Seferis’s poetic production is not large, but because of the uniqueness of its thought and style and the beauty of its language, it has become a lasting symbol of all that is indestructible in the Hellenic affirmation of life.[...] When reading Seferis we are forcibly reminded of a fact that is sometimes forgotten: geographically, Greece is not only a peninsula but also a world of water and foam, strewn with myriad islands, an ancient sea kingdom, the perilous and stormy home of the mariner.[...] Technically, Seferis has received vital impulses from T. S. Eliot, but underneath the tone is unmistakably his own, often carrying a broken echo of the music from an ancient Greek chorus.

==Banquet speech==
In his speech at the Nobel prize banquet at Stockholm City Hall, Seferis thanked the Swedish Academy for paying homage to literature written in the Greek language and for honouring poetry:

I find it significant that Sweden wishes to honour not only this poetry, but poetry in general, even when it originates in a small people.
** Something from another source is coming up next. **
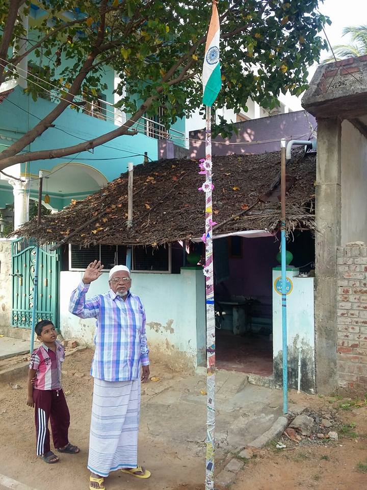 இந்தியா இந்தியர்களுக்கே!! படம்: 2016ம் வருட குடியரசு தினத்தன்று தனது வீட்டின் முன் கொடி ஏற்றிய எனது தந்தை உமர்கத்தாப் அவர்கள். தனது வாழ்நாளில் 35 வருடத்திற்கும் மேலாக தான் பணிபுரிந்த இடங்களிலும் இவ்வாறே அனைத்து சுதந்திர, குடியரசு தினங்களில் கொடி ஏற்றுவார்கள். ![]()

For I think that poetry is necessary to this modern world in which we are afflicted by fear and disquiet. Poetry has its roots in human breath – and what would we be if our breath were diminished? Poetry is an act of confidence – and who knows whether our unease is not due to a lack of confidence?

==Nobel lecture==
Giorgos Seferis delivered his Nobel lecture entitled Some Notes on Modern Greek Tradition on 11 December 1963.